Cela ne semble visiblement pas le déranger que la méthode ait changé, assure-t-il dans un long entretien à L'Equipe, lorsqu'on lui demande s'il aurait été logique de le prolonger avant. «Je ne sais pas si c'est une question de logique. C'est ce qui s'est passé avant, pas cette fois, mais ça ne me pose pas de problème.

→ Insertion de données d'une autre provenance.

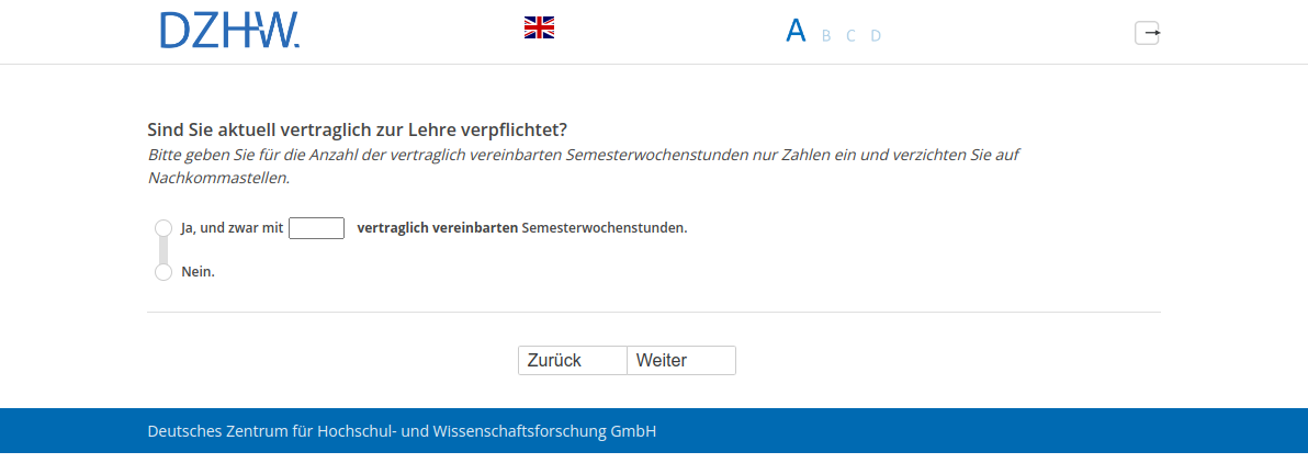 Bitte geben Sie für die Anzahl der vertraglich vereinbarten Semesterwochenstunden nur Zahlen ein und verzichten Sie auf Nachkommastellen.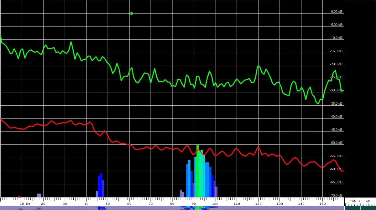 This film has a droning, constant tone around 20Hz, as can be seen in the curve.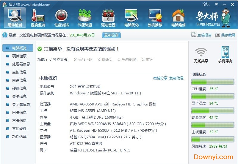 鲁大师2013免安装版为你的电脑提供比较方便的硬件监控功能,让你可以实时知道你的硬件所处的状态,让你的电脑更好的使用这些硬件。软件功能也是比较不错的,跑分、硬件降温等都有,给你最实用的工具。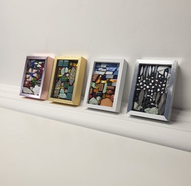 Œuvre célébrant le cycle naturel annuel, évoquant printemps, été, automne et hiver dans une harmonie temporelle, célébrant la beauté cyclique de la nature à travers ses transformations saisonnières. Chaque pièce est composée de fragments de pierres naturelles et semi-précieuses aux textures variées (lisses, rugueuses, scintillantes), soigneusement juxtaposés pour créer une impression à la fois organique et structurée. Ces mosaïques miniatures condensent en un espace réduit l’énergie d’une saison entière. Le format intime les rend proches, presque talismaniques : ce sont des objets d’ancrage que l’on peut approcher, observer, toucher du regard pour se reconnecter à un état émotionnel ou à un cycle naturel.
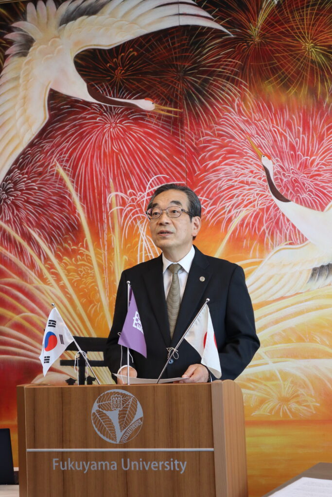 続いて、大塚学長からは、韓国語による梨泰院群衆事故に対するお見舞いと自己紹介の後、学部構成が類似した両大学間の教育・研究両面での交流促進への期待が述べられました。また、福山市の鞆の浦が江戸時代に朝鮮王朝から派遣された外交使節・朝鮮通信使ゆかりの地であることにも触れ、このような繋がりを大切にして交流深化に取り組んでいきたいとの抱負が述べられました。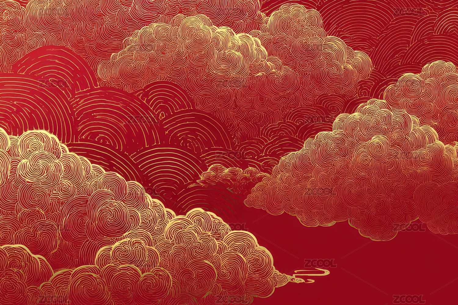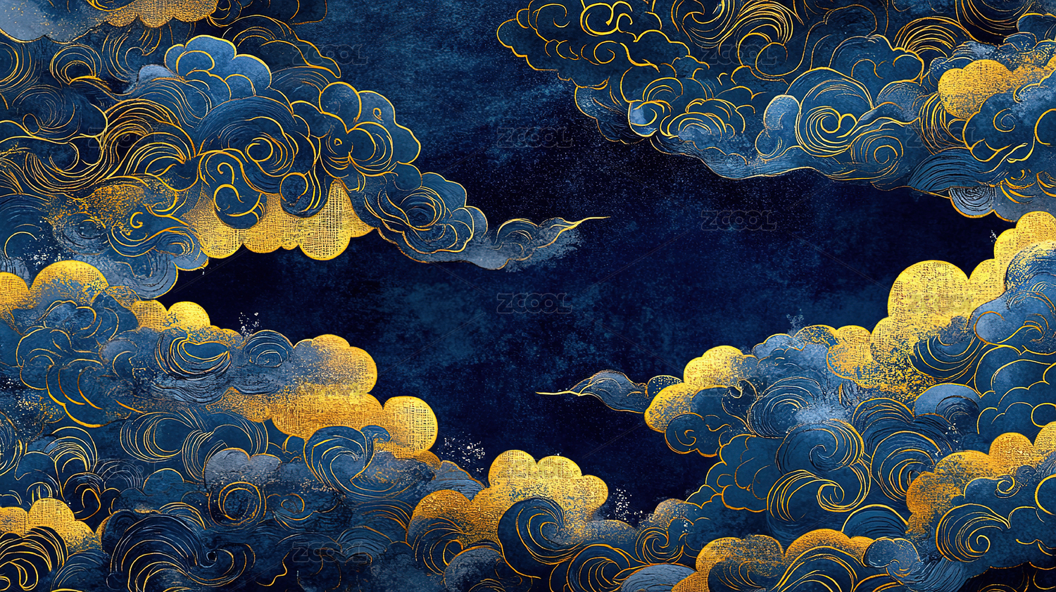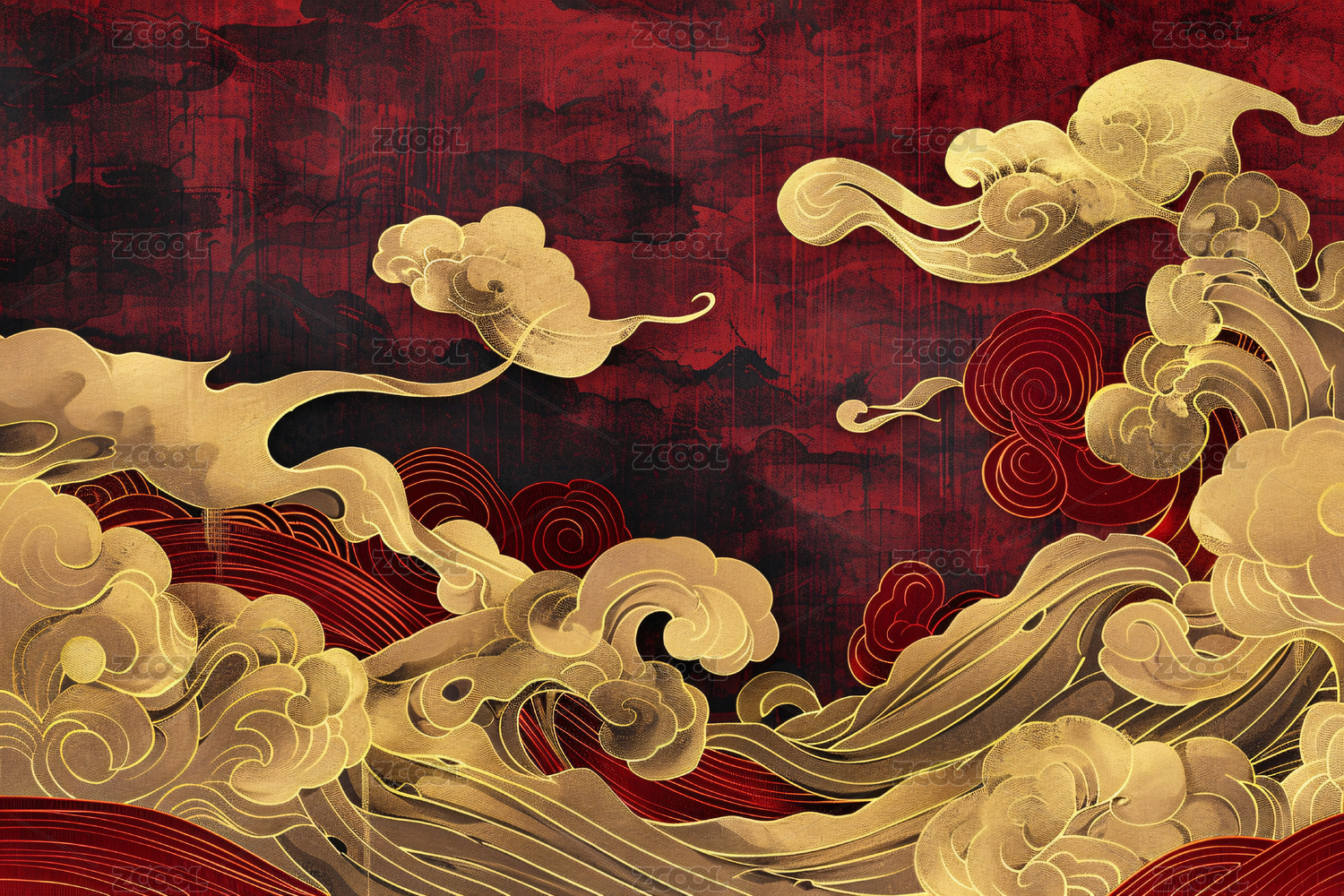 飘带,山水,羽毛,插画,中式,国风,图案,元素,背景,装饰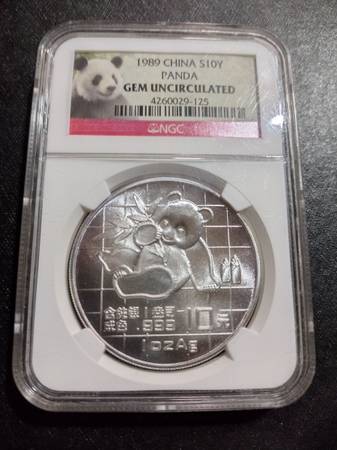 New in the original mint slab case. 1989 China S10Y Panda, GEM UNCIRCULATED silver coin, 1oz fine silver. Serious inquiries only please, selling for $80, price is firm. Located In Aurora for pick...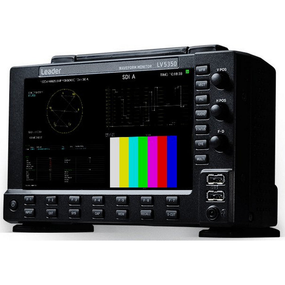 The Leader LV5350 waveform monitor offers a 7-inch HD screen display in a compact 3 x 1/2 RU package that can operate on AC or DC. Waveform, vector and picture with 4K 12G-SDI and audio options . Easy menu operation with touch screen, mouse, and front panel button controls.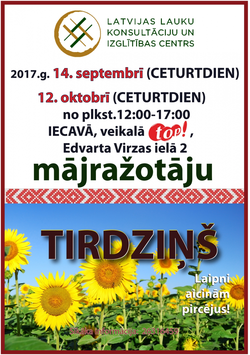 Datums: 14. Septembris, 2017Reģions: ZemgaleVieta: Top! veikalsAdrese: Skatīt karti lielākā izmērā Kontaktinformācija: Raimonda Ribikauska, tel. 26316459, e pasts:raimonda.ribikauska@llkc.lvReģions filtram: * Iecavas novads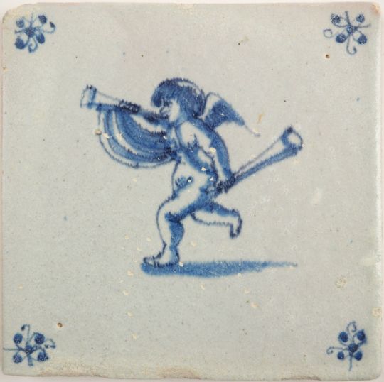This antique Delft tile, dating from around 1660, depicts Cupid blowing a trumpet. It is a scene that seems to be inspired by how angels are depicted in the 'Last Judgment'. The tile is decorated with 'spider' corner motifs and is overall in a very good and pure condition with the normal superficial wear and chips.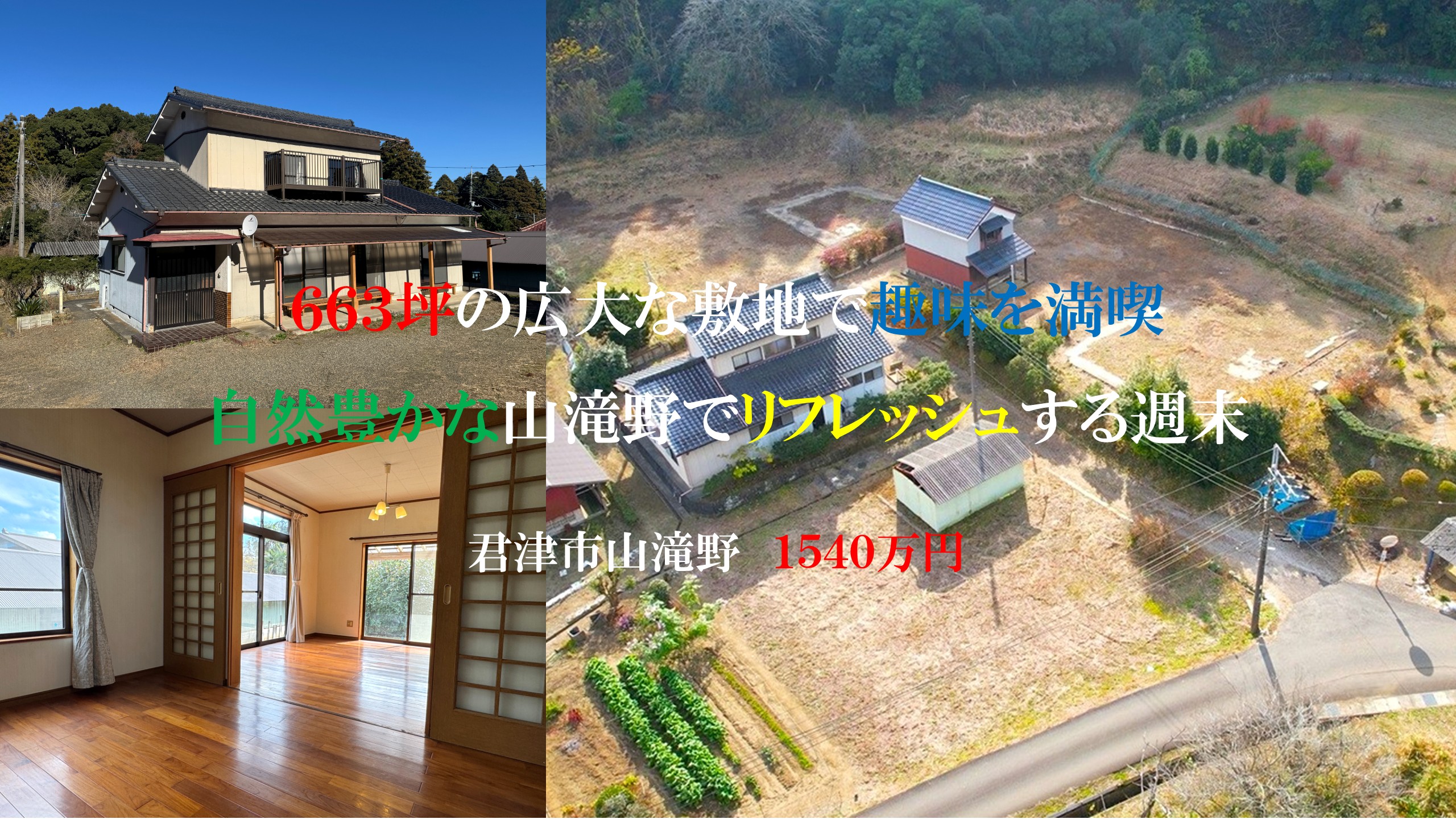 富津市志駒・静寂の中に佇む和の邸宅のYouTube動画を公開しました。コンセプトは、都会の喧騒から離れ、週末はゆっくりと。都会では得ることのできない735坪の広大なスケールに秋には真っ赤な紅葉が色付くもみじロード。静かな時が流れるロケーションと落ち着いた和の佇まいをぜひ現地で。

C'est une décision de mon président, et je n'ai pas de problème avec ça. C'est lui qui m'a choisi, et c'est lui qui décide, et pour moi, ça n'a pas d'impact. Est-ce que c'est mieux ou moins bien ? On ne sait jamais.»

Quelle condition à sa prolongation alors ? Quelle stade de la compétition doit-il atteindre pour continuer ? «Je ne me pose même pas la question, parce que je ne suis pas là pour moi. Je sais très bien qu'il faudra aller par étapes, le premier match d'abord, puis le deuxième match et, si on se qualifie, commencera une autre compétition. Je me souviens de mon sentiment au moment de jouer l'Argentine, en 2018 : pas un dixième de seconde, je n'avais pensé aux conséquences possibles d'une élimination.»

Didier Deschamps ne semble pas vraiment pressé de prendre une décision pour son avenir. Ou alors, il conserve jalousement ce secret si bien gardé. Il sait le faire. Cela dépendra aussi de la volonté du président de la FFF, Noël le Graët, lequel a mis un petit coup de pression au sélectionneur cette semaine. Pour lui, l'équipe de France fait partie des favorites et doit considérer ce statut. Ce n'est pas vraiment un secret de polichinelle pour l'ancien capitaine des Bleus, à qui on ne peut pas reprocher sa volonté sans faille de gagner et de s'imposer. Et puis partir sur une nouvelle victoire est aussi une possibilité.